With the huge upswing in risky stocks in the latter part of the year, high quality stocks have now under performed low quality stocks for most of the last ten years, with only relatively brief interruptions in 2001-02 and during the 2008 market collapse. This can be seen in the graph below. The line is rising when high quality stocks, as measured by the S&P quality rating, are doing well and falling when low quality stocks are doing well.
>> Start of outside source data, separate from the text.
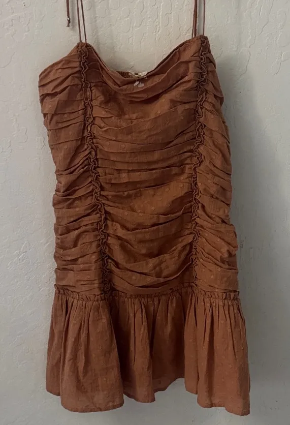 Mable Brown Camel Tan Polka Dot Ruched Mini Dress Tie Straps Large Bodycon - $30 - From Audrey
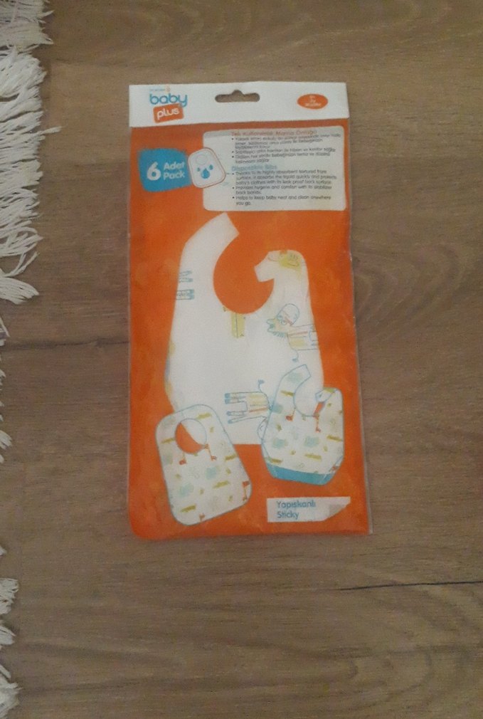 6'lı paket halinde, baskılı desenlere sahip açık bej renkli bebek önlükleri. Yumuşak ve temizlemesi kolaydır.
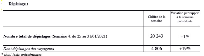 Sur la semaine 4, le taux de positivité était de 2,4 % (source SIDEP, ARS). Il est en augmentation par rapport à la semaine précédente (1,9%) et reste inférieur au seuil de vigilance (5%). Le taux de positivité chez les voyageurs a augmenté et est de 1%.
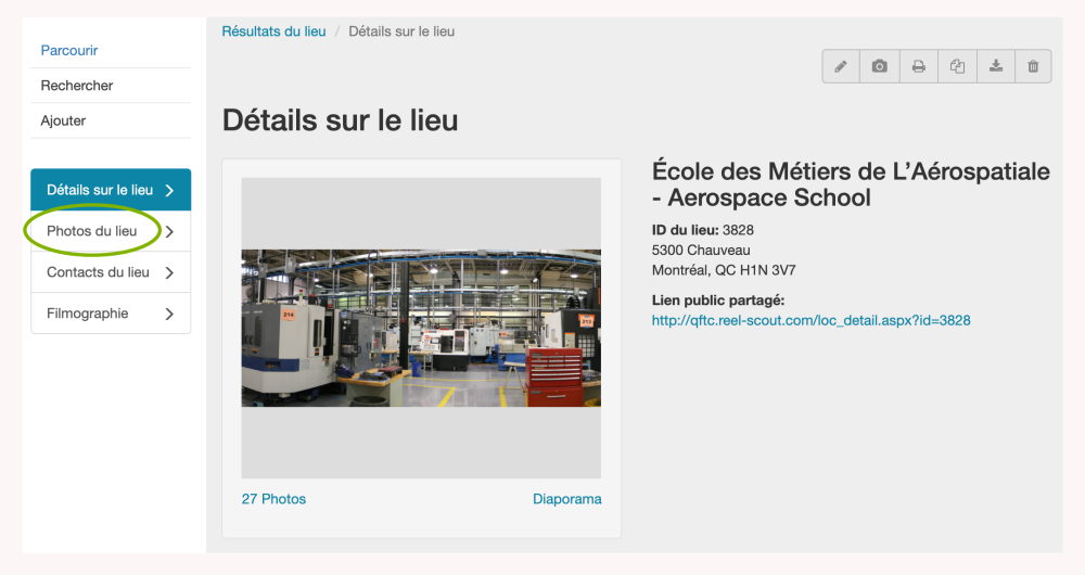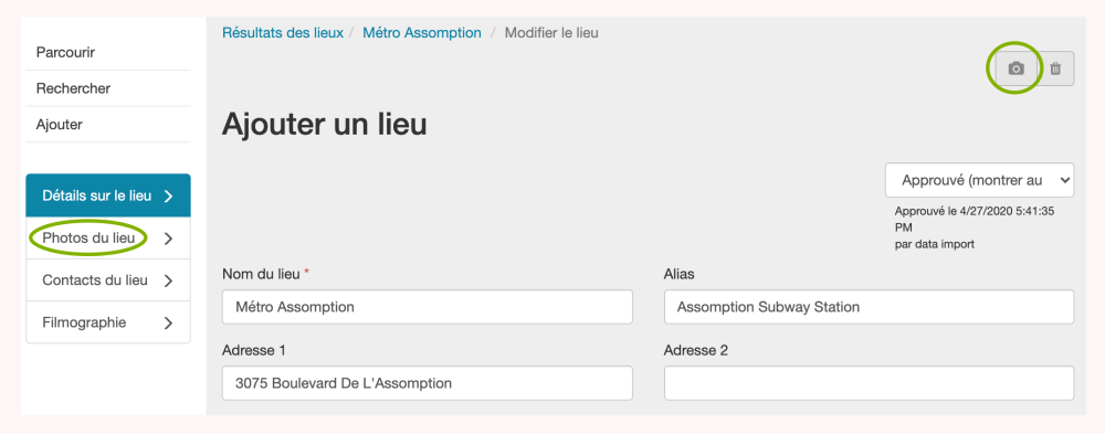 Vous pouvez également utiliser l’icône Télécharger (appareil photo) dans la barre d’outils supérieure droite pour naviguer vers la page Photos du lieu.
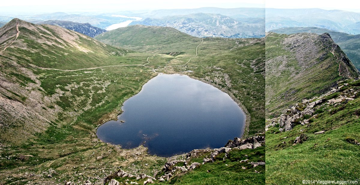 Red Tarn (il lago), con Swirral Edge (la cresta sulla sinistra) e Catstye Cam (il picco al termine della cresta). Sarebbe bello campeggiare vicino al lago, ma qui piove spesso, e questa valle mi pare il fondo di una bacinella, ideale per convogliare acqua nel lago. Non il posto ideale per piazzare una tenda.
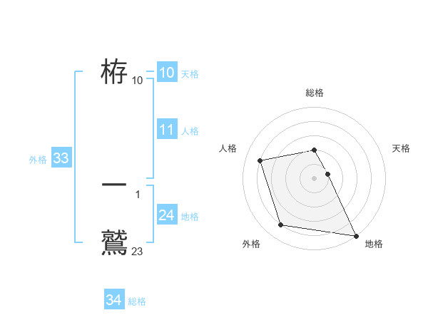 栫 一鷲さんの総格は34画の2点!
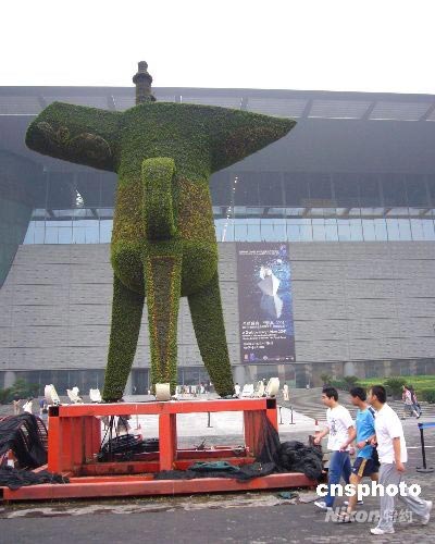 6月29日,一尊高約8米的 “巨鼎” 亮相北京長安街頭。這尊“巨鼎”是由綠色植被塑成的,為即將到來的北京奧運會增添了獨特的韻味,吸引過路行人側(cè)目。 中新社發(fā) 玉龍 攝
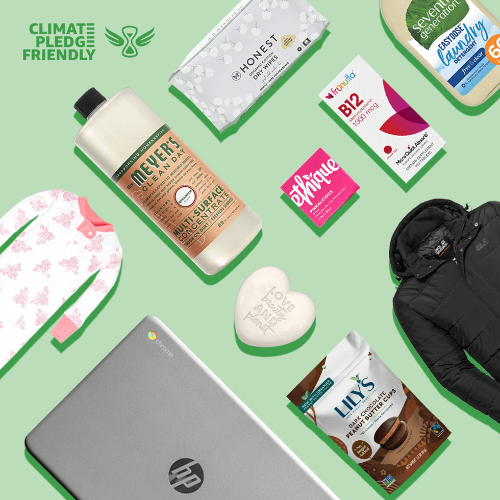 All the Climate Pledge Friendly products can be found at Amazon.com/ClimatePledgeFriendly and include grocery, household, fashion, beauty, and personal electronics products, and more.

The persistently strong performance of small and risky companies has pushed these stocks to unusually expensive levels, making large and high quality companies unusually inexpensive by comparison. For example, small company stocks now sell at about a 20% premium valuation to large company stocks, equaling the highest relative valuation ever recorded, according to calculations by researchers at Credit Suisse Group. In a similar vein, the institutional investment firm, GMO, LLC, calculates that based on their current valuations, high quality stocks are likely to outperform small company stocks by more than 7% per year over the next seven years. While neither we nor GMO would expect to call the turning point in high quality stocks’ performance, this does give some sense of the long term opportunity that’s been created in the type of company our stock selection approach favors.